Fall/Winter 2009

(published by the International Colored Gem Association ICA

Written by Alec Corday and Hermann Dittrich

When Christopher Columbus stepped onto the sands of the island of Hispaniola in the “New World,” amber was already a well-known commodity in Europe, having been used since Neolithic times.

During his voyage, Columbus wrote in one of his letters that he even gave an amber necklace to one of the Taino tribal chiefs on Hispaniola as a gift. The Admiral also recorded the find of large pieces of amber on the island itself, including “one mass of which weighed three hundred pounds.” Although this encouraged him to believe that there were more treasures to be found on Hispaniola [1], he and his fellow Conquistadors had their sights set on gold instead of amber, and they wouldn’t let a few naked natives stand in their way.

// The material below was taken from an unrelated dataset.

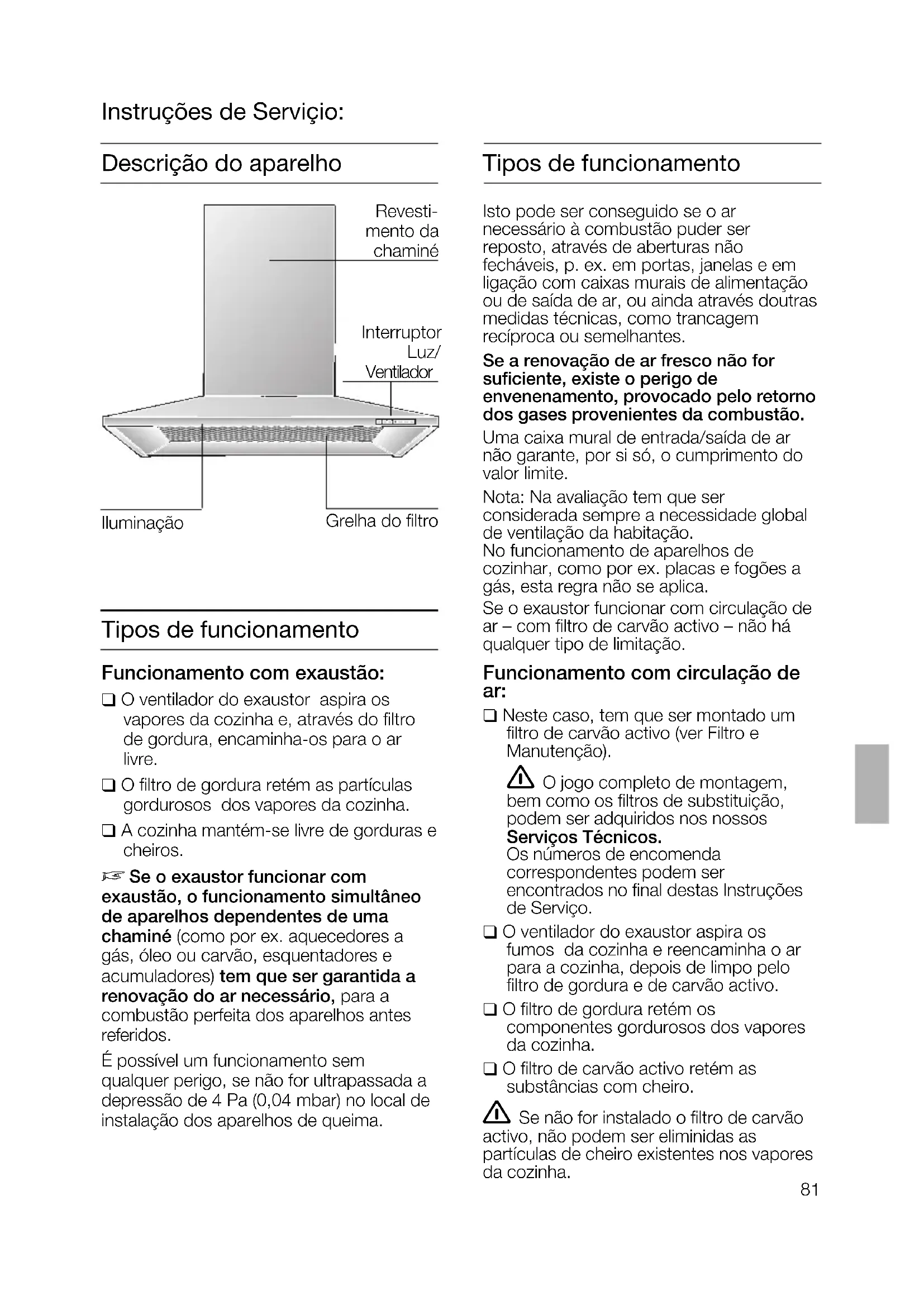 agujeros de la rejilla protectora correspondientes a los tornillos de sujeción inferiores.Iluminação Interruptor Luz/ Ventilador Grelha do filtro Revesti- mento da chaminé Descrição do aparelho Instruções de Serviçio: Tipos de funcionamento Funcionamento com exaustão: ❑ O ventilador do exaustor aspira os vapores da cozinha e, através do filtro de gordura, encaminha-os para o ar livre. ❑ O filtro de gordura retém as partículas gordurosos dos vapores da cozinha. ❑ A cozinha mantém-se livre de gorduras e cheiros.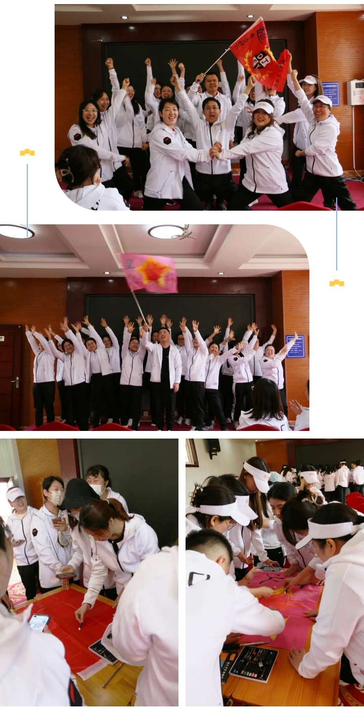 此次活動讓老師們走出教室、辦公室,在訓(xùn)練中鍛煉身體素質(zhì)、磨煉意志,融煉團隊。在拓展訓(xùn)練開始之前,老師們進行了分組,并利用自身專業(yè)優(yōu)勢,設(shè)計了隊旗、隊徽和口號,展現(xiàn)了點金人扎實的專業(yè)技能和良好的精神風(fēng)貌。

Five hundred years and a genocide later, Hispaniola no longer had any Tainos or even much gold left. Instead, it boasted a thriving population split into two nations—Haiti and the Dominican Republic. Although there were random finds of amber by the locals, the true exploration and exploitation of this material did not start until the 1960s with small mining operations and jewelry fabrications.

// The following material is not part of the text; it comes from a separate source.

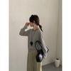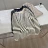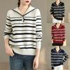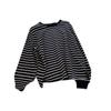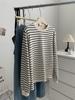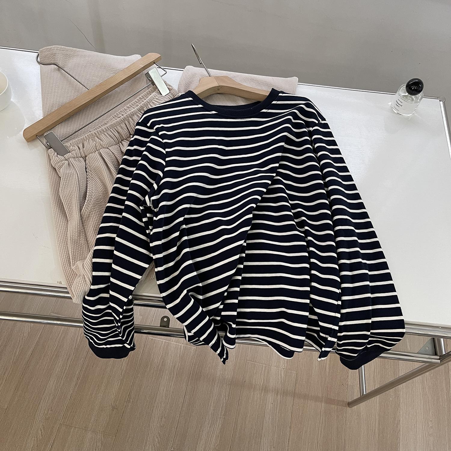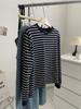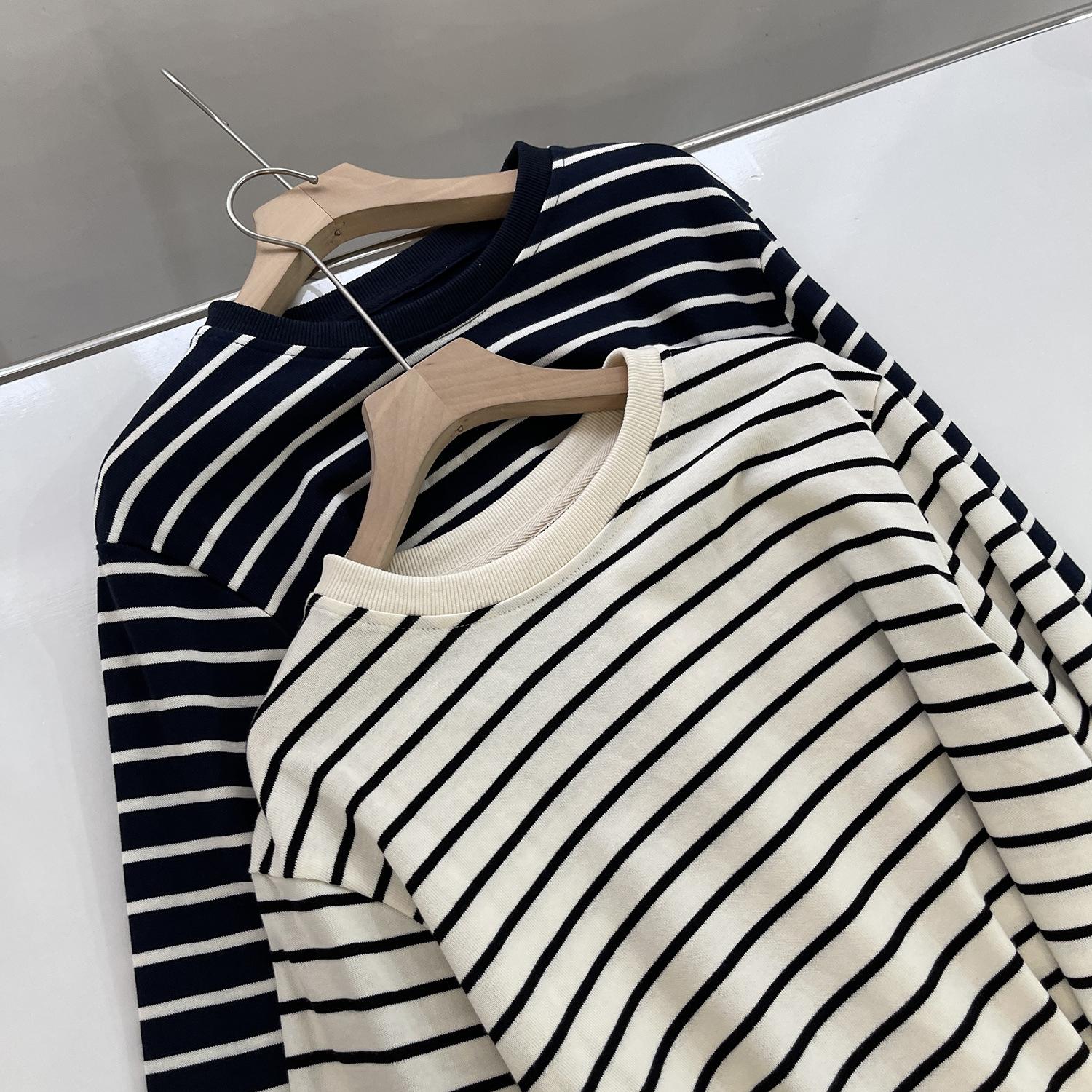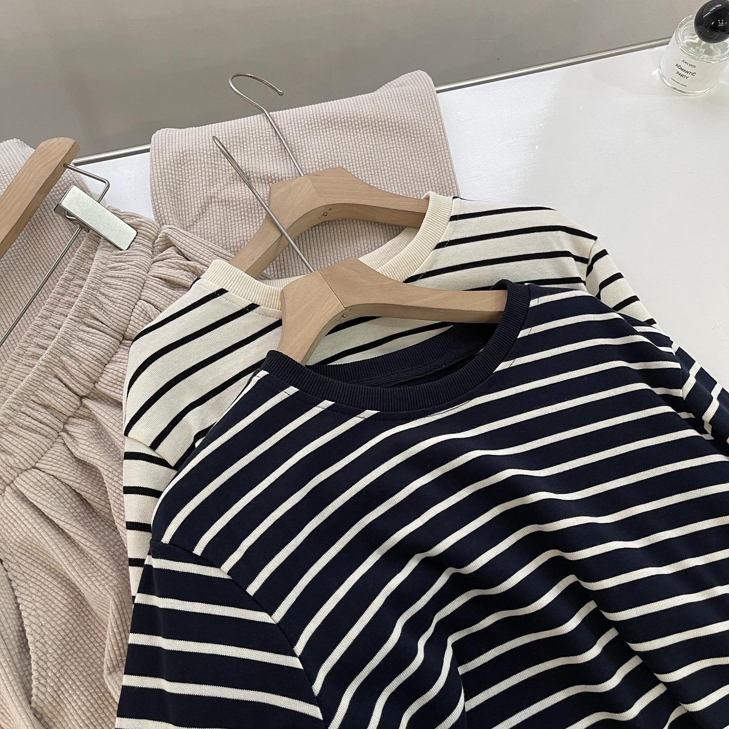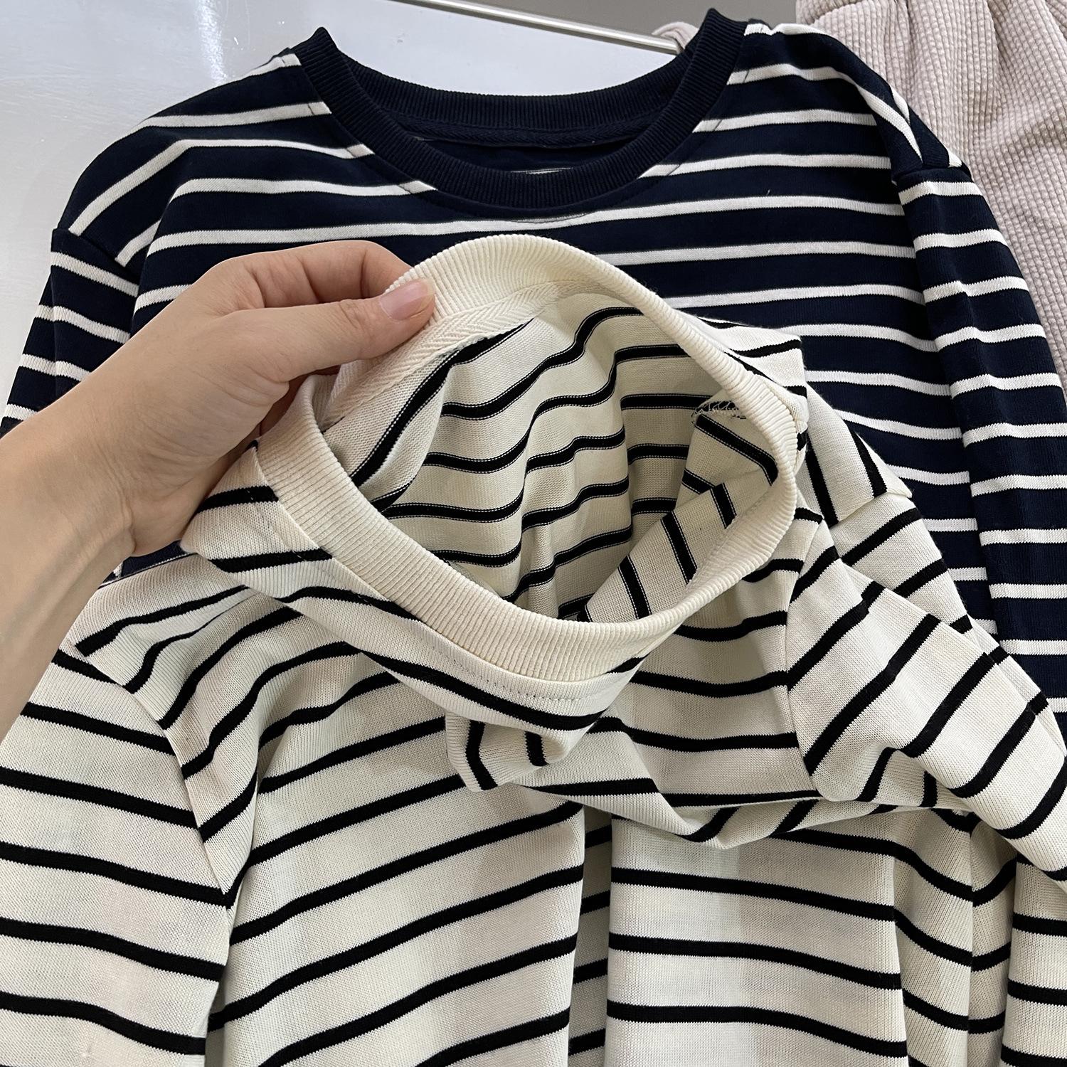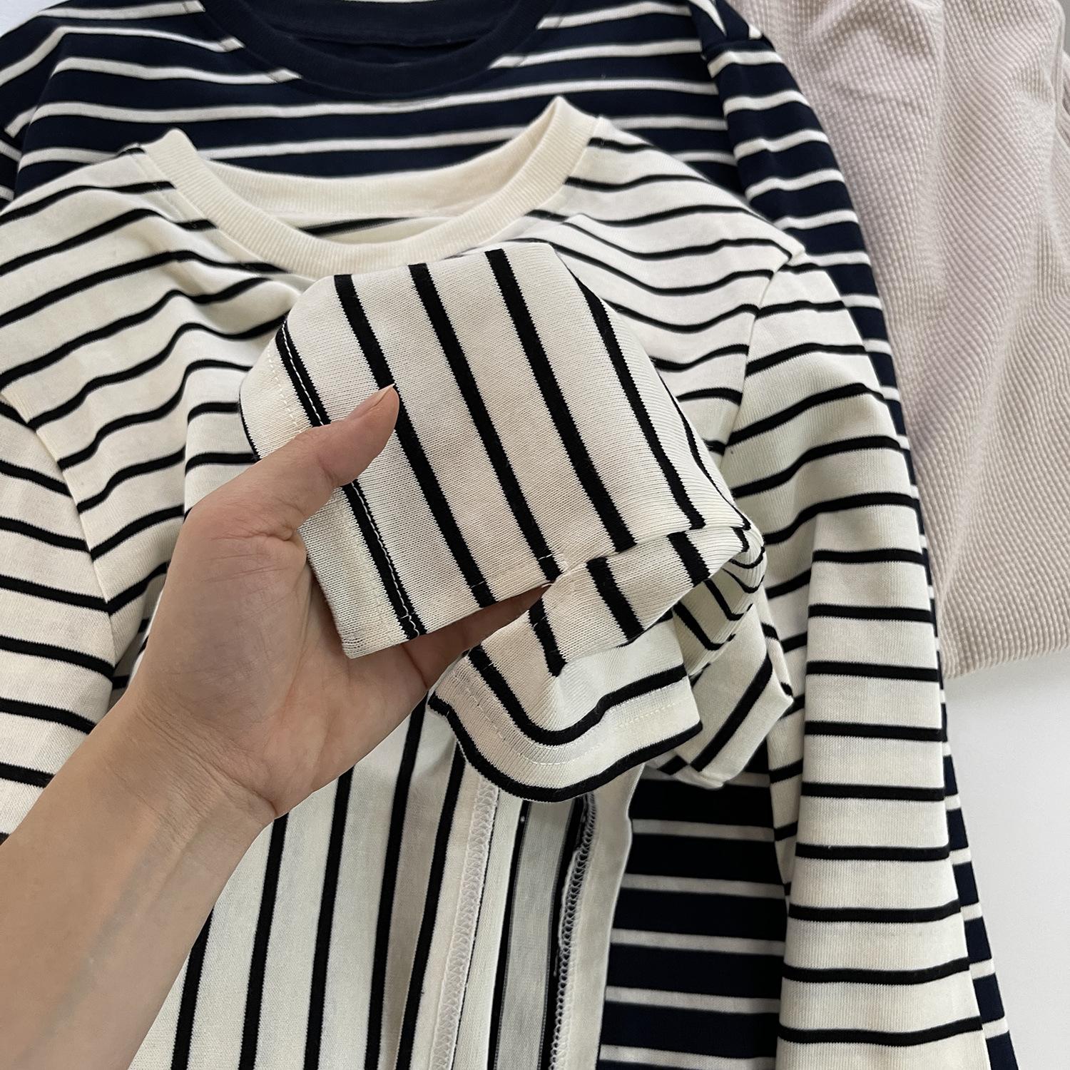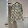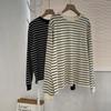 Camiseta de manga larga de algodón de doble hilo a rayas estilo coreano para mujer, holgada, informal, adelgazante, combinable con todo, con abertura lateral y cuello redondo, para otoño e invierno.

Slowly Dominican amber emerged from obscurity and out of the shadow of Baltic amber. By the 1980s, there was a small but flourishing community of miners and artisans around the area of La Toca in theCordillera Septentrional, a mountain range located between the coastal city of Puerto Plata and the city ofSantiago de los Treinta Caballeros in the north, and around Bayaguana and Sabana de la Mar in the east [2].